The task:
In your copy, set down the entries exactly and exclude the pictures.

[Data excerpts]
■ ■ ■

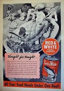 - ↑ Life. October 26, 1953. ISSN 0024-3019. id=p0YEAAAAMBAJ&pg=PA123&dq=%22Red+%26+White%22+%22308+West+Washington%22&hl=en&ei=AbW2TpuXL8XlsQK44qTFAw&sa=X&oi=book_result&ct=result&resnum=1&ved=0CC4Q6AEwAA#v=onepage&q=%22Red%20%26%20White%22%20%22308%20West%20Washington%22&f=false 123 (advertisement). Retrieved from Google Books on November 6, 2011. "RED & WHITE CORPORATION • 308 WEST WASHINGTON STREET CHICAGO 6, ILLINOIS"
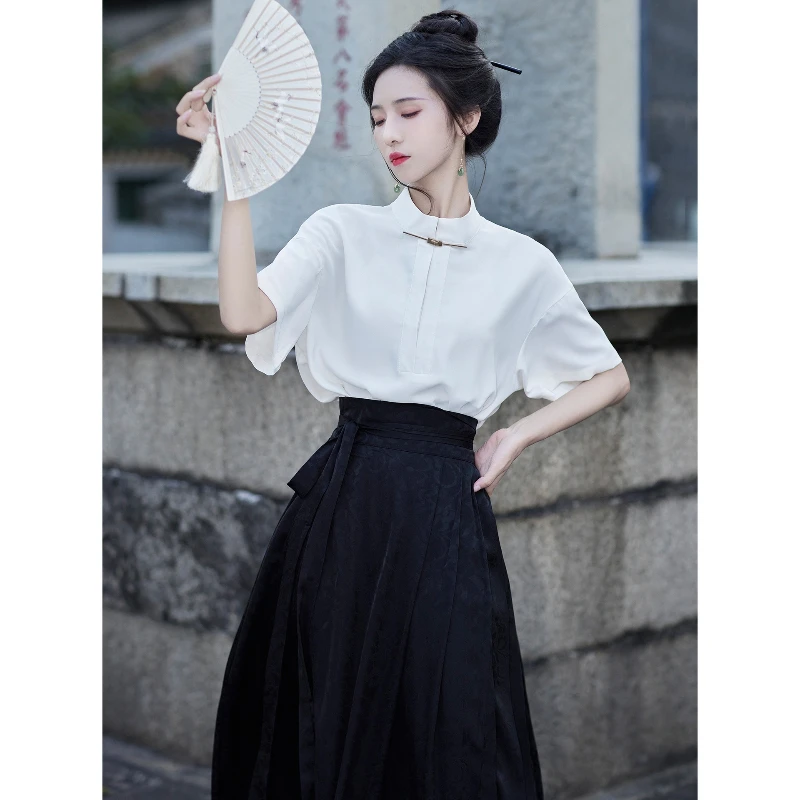 ● Costume de style chinois : Embrassez l'élégance de la Chine ancienne avec notre jupe Hanfu, fabriquée à partir de matériaux de haute qualité pour garantir confort et durabilité. Caractéristiques Matériel: Polyester, rayonne Genre : FEMMES Origine : Chine continentale Hanfu pour femmes : robe de danse sur scène Dégradé Bleu et Vert Vêtements de broderie traditionnelle chinoise Déguisement de cosplay adulte ● Jupe à visage de cheval : dotée d'un magnifique imprimé de visage de cheval, notre jupe est parfaite pour les événements de cosplay ou comme cadeau pour les fans de la culture chinoise. Hanfu de la dynastie Ming – HanWen Shop ● Disponible en bleu ou noir : choisissez parmi deux superbes options – bleu ou noir – pour correspondre à votre style personnel et à vos préférences. of traditional Chinese #costume, known as hanfu, as it embodies an impressive elegance and sophistication Jupe Hanfu Traditionnelle Jupe Hanfu "MaMian Qun" De La Dynastie Ming - Brodés Dorés Du Jupe Mamianqun Si vous êtes intéressé par les costumes culturels anciens orientaux, ce sera un bon choix pour vous. Style traditionnel : fabriquée avec la technologie d'impression traditionnelle chinoise, notre jupe présente un style chinois classique et intemporel. Il est parfait pour ceux qui veulent embrasser la culture chinoise dans leur garde-robe
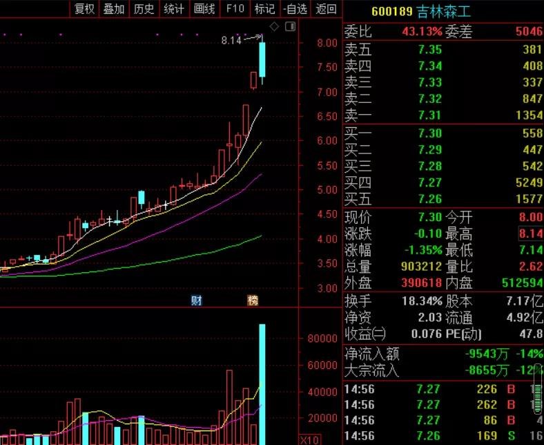 吉林森工:昨天大消费没有代表性的个股,所以仍然讲讲这个农夫山泉概念股。这票周一就加速昨天继续加速很合理,所以板上被砸了,农夫山泉9月8号港股上市,预计这票还有反复,昨天就这么个砸盘方式出货也出不完,预计止跌之后仍然会有拉升给机会,有兴趣的可以留意一下。大消费昨天调整,但是应该还有一波拉升,再有大涨加速的个股要注意风险了,看空的研报不是随便出的,是个信号,该撤退就撤退。荃银高科:农业概念股,走势不错,刚好昨晚上有消息,天山生物也复牌,逢低关注应该还不错。
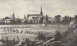 The mainly wooden and densely built town was almost utterly destroyed in 1852. A fire started in a barn belonging to district court judge J. F. Aurén on the morning of August 3. At noon the whole town was ablaze and the fire lasted for many hours. By evening, most of the town had burned to the ground. Out of 379 buildings only 24 privately owned buildings had survived, among them the Falander–Wasastjerna patrician house (built in 1780–1781) which now houses the Old Vaasa Museum.
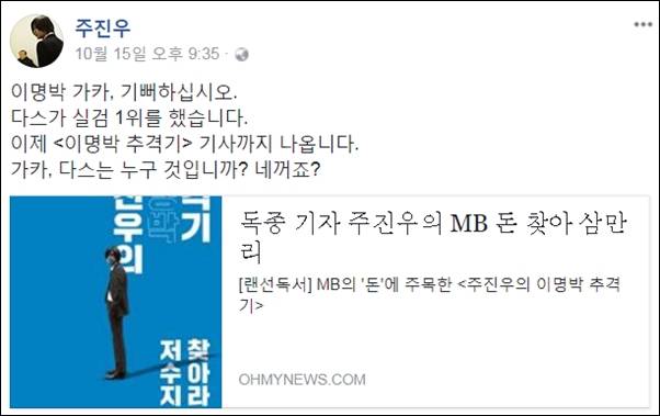 | ▲ 주진우 기자는 포털 사이트 실검에 ‘다스가 누구 겁니까?’라는 다스 관련 검색어가 1위에 올라오자, 자신의 인터뷰 기사를 링크하며 ‘다스는 누구 것입니까? 네꺼죠?’라는 글을 남겼다. |
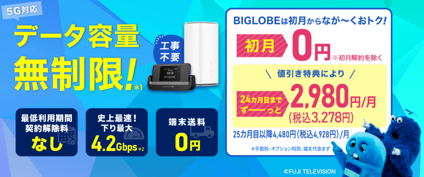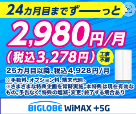 本記事はBIGLOBE WiMAX +5Gの販売促進を目的として作成されています。サービス内容や料金体系は、プロバイダーの都合により変更される可能性があります。
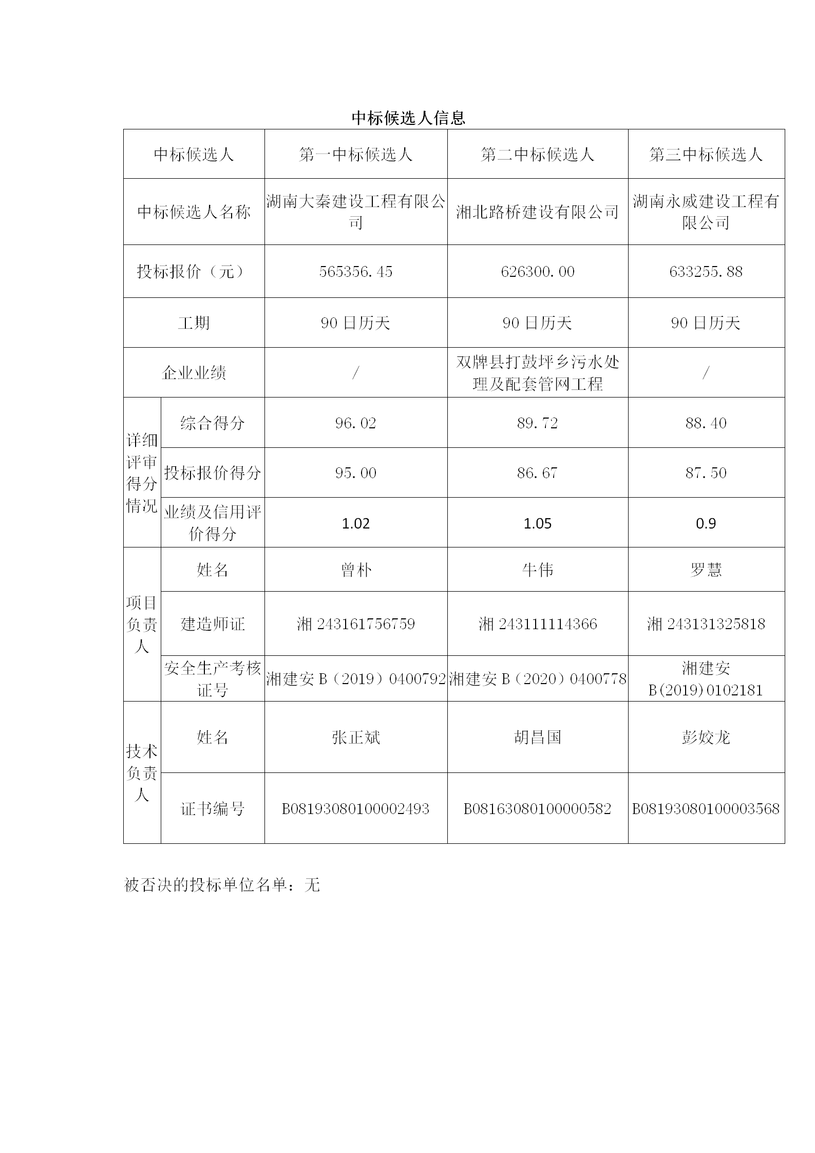 根据招标投标相关法律法规及招标文件的规定,沱江镇双顾村城乡供水一体化项目评标工作已经结束。本项目资格审查采用开标后资格审查方式,评标办法采用湘建监督[2021]107号文件规定的“经评审的最低投标价法”。评标委员会推荐了以下3名中标候选人(排序),现将相关信息予以公示。公示期:公示期为3个工作日,公示期内如对中标候选人无异议,公示期满后,招标人将确定第一中标候选人为中标人。
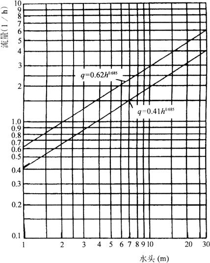 (2)管式滴头:管式滴头的流量-水头曲线(q-h曲线)见图8-57。
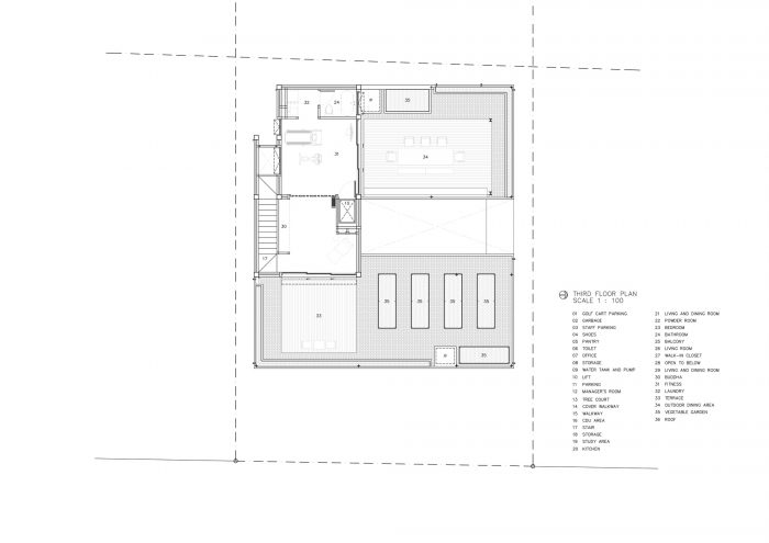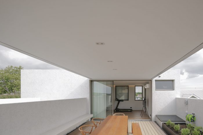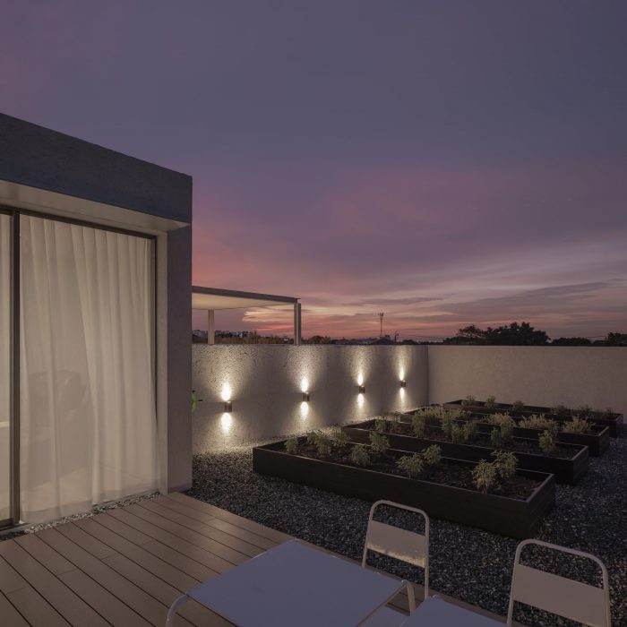 The rooftop is intended to be a place to plant a garden that will be used in the house. Residents will have the opportunity to reconnect with nature, experience the soil, cultivate, and slow down. These are uncommon in city life. The other side of the rooftop is set up as an outdoor dining area, with the edge of the wall raised to obscure the view of the surrounding environment. The only thing visible was the surrounding sky, which changed colors depending on the time of day.
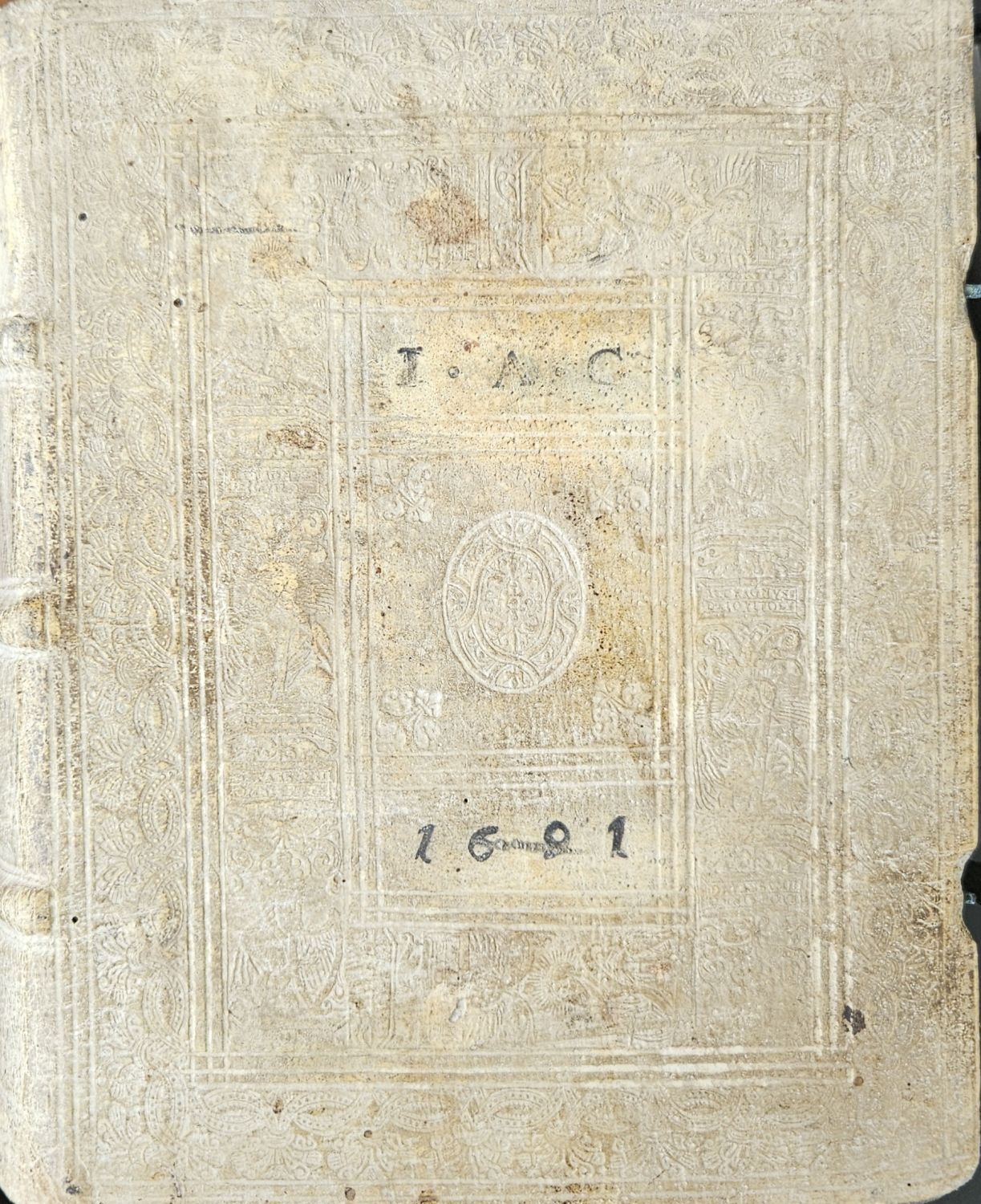 Dobová vazba ze světlé vepřovice zdobené slepotiskem, barvené ořízky, ve hřbetu tři vazy, na přední desce tlačené a černě barvené vlastnické iniciály I.N.C. a datum 1691. Na přední desce dva kovové trny, na desce zadní původní kožené přezky a na přezce spodní původní plechový úchyt. Na tit. listu začerněné jméno jednoho z předchozích vlastníků.
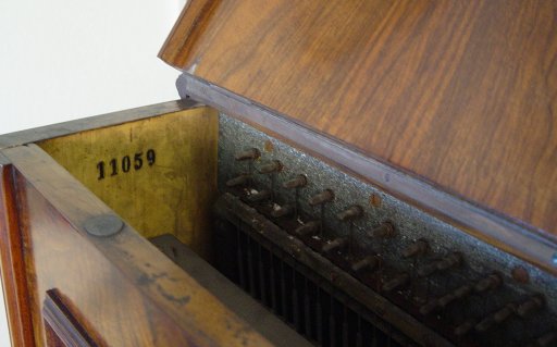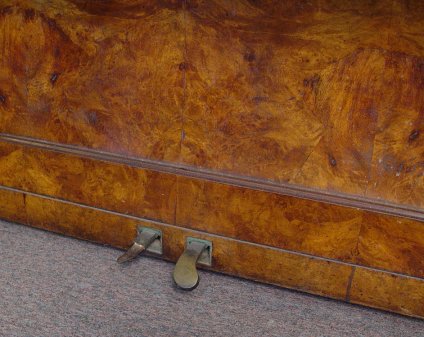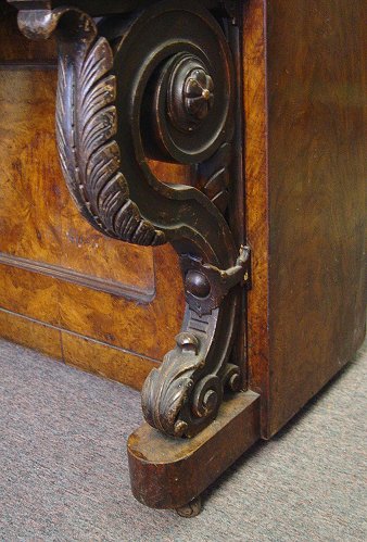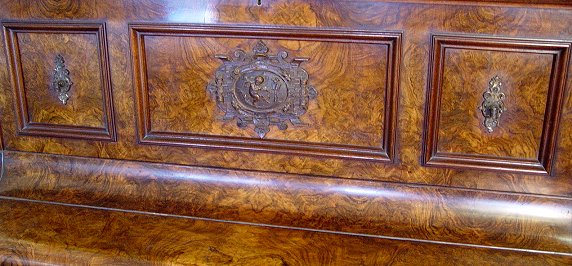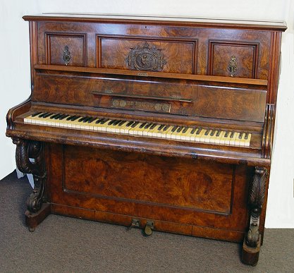 BURL WALNUT ED SEILER UPRIGHT PIANO ca. 1881-1890: Cherub decorated plaque centered by mounted candle sconces. Elaborate carved front leg columns. Ivory keys. The veneer damage to one side does not take away from the beauty of the burl walnut cabinet. Serial No. 11059. Approx. 49''h, x 54'' x 25''.

■ ■ ■

Output of the task:
 - ↑ Life. October 26, 1953. ISSN 0024-3019. id=p0YEAAAAMBAJ&pg=PA123&dq=%22Red+%26+White%22+%22308+West+Washington%22&hl=en&ei=AbW2TpuXL8XlsQK44qTFAw&sa=X&oi=book_result&ct=result&resnum=1&ved=0CC4Q6AEwAA#v=onepage&q=%22Red%20%26%20White%22%20%22308%20West%20Washington%22&f=false 123 (advertisement). Retrieved from Google Books on November 6, 2011. "RED & WHITE CORPORATION • 308 WEST WASHINGTON STREET CHICAGO 6, ILLINOIS"
 ● Costume de style chinois : Embrassez l'élégance de la Chine ancienne avec notre jupe Hanfu, fabriquée à partir de matériaux de haute qualité pour garantir confort et durabilité. Caractéristiques Matériel: Polyester, rayonne Genre : FEMMES Origine : Chine continentale Hanfu pour femmes : robe de danse sur scène Dégradé Bleu et Vert Vêtements de broderie traditionnelle chinoise Déguisement de cosplay adulte ● Jupe à visage de cheval : dotée d'un magnifique imprimé de visage de cheval, notre jupe est parfaite pour les événements de cosplay ou comme cadeau pour les fans de la culture chinoise. Hanfu de la dynastie Ming – HanWen Shop ● Disponible en bleu ou noir : choisissez parmi deux superbes options – bleu ou noir – pour correspondre à votre style personnel et à vos préférences. of traditional Chinese #costume, known as hanfu, as it embodies an impressive elegance and sophistication Jupe Hanfu Traditionnelle Jupe Hanfu "MaMian Qun" De La Dynastie Ming - Brodés Dorés Du Jupe Mamianqun Si vous êtes intéressé par les costumes culturels anciens orientaux, ce sera un bon choix pour vous. Style traditionnel : fabriquée avec la technologie d'impression traditionnelle chinoise, notre jupe présente un style chinois classique et intemporel. Il est parfait pour ceux qui veulent embrasser la culture chinoise dans leur garde-robe
 吉林森工:昨天大消费没有代表性的个股,所以仍然讲讲这个农夫山泉概念股。这票周一就加速昨天继续加速很合理,所以板上被砸了,农夫山泉9月8号港股上市,预计这票还有反复,昨天就这么个砸盘方式出货也出不完,预计止跌之后仍然会有拉升给机会,有兴趣的可以留意一下。大消费昨天调整,但是应该还有一波拉升,再有大涨加速的个股要注意风险了,看空的研报不是随便出的,是个信号,该撤退就撤退。荃银高科:农业概念股,走势不错,刚好昨晚上有消息,天山生物也复牌,逢低关注应该还不错。
 The mainly wooden and densely built town was almost utterly destroyed in 1852. A fire started in a barn belonging to district court judge J. F. Aurén on the morning of August 3. At noon the whole town was ablaze and the fire lasted for many hours. By evening, most of the town had burned to the ground. Out of 379 buildings only 24 privately owned buildings had survived, among them the Falander–Wasastjerna patrician house (built in 1780–1781) which now houses the Old Vaasa Museum.
 | ▲ 주진우 기자는 포털 사이트 실검에 ‘다스가 누구 겁니까?’라는 다스 관련 검색어가 1위에 올라오자, 자신의 인터뷰 기사를 링크하며 ‘다스는 누구 것입니까? 네꺼죠?’라는 글을 남겼다. |
 本記事はBIGLOBE WiMAX +5Gの販売促進を目的として作成されています。サービス内容や料金体系は、プロバイダーの都合により変更される可能性があります。
 根据招标投标相关法律法规及招标文件的规定,沱江镇双顾村城乡供水一体化项目评标工作已经结束。本项目资格审查采用开标后资格审查方式,评标办法采用湘建监督[2021]107号文件规定的“经评审的最低投标价法”。评标委员会推荐了以下3名中标候选人(排序),现将相关信息予以公示。公示期:公示期为3个工作日,公示期内如对中标候选人无异议,公示期满后,招标人将确定第一中标候选人为中标人。
 (2)管式滴头:管式滴头的流量-水头曲线(q-h曲线)见图8-57。
 The rooftop is intended to be a place to plant a garden that will be used in the house. Residents will have the opportunity to reconnect with nature, experience the soil, cultivate, and slow down. These are uncommon in city life. The other side of the rooftop is set up as an outdoor dining area, with the edge of the wall raised to obscure the view of the surrounding environment. The only thing visible was the surrounding sky, which changed colors depending on the time of day.
 Dobová vazba ze světlé vepřovice zdobené slepotiskem, barvené ořízky, ve hřbetu tři vazy, na přední desce tlačené a černě barvené vlastnické iniciály I.N.C. a datum 1691. Na přední desce dva kovové trny, na desce zadní původní kožené přezky a na přezce spodní původní plechový úchyt. Na tit. listu začerněné jméno jednoho z předchozích vlastníků.
 BURL WALNUT ED SEILER UPRIGHT PIANO ca. 1881-1890: Cherub decorated plaque centered by mounted candle sconces. Elaborate carved front leg columns. Ivory keys. The veneer damage to one side does not take away from the beauty of the burl walnut cabinet. Serial No. 11059. Approx. 49''h, x 54'' x 25''.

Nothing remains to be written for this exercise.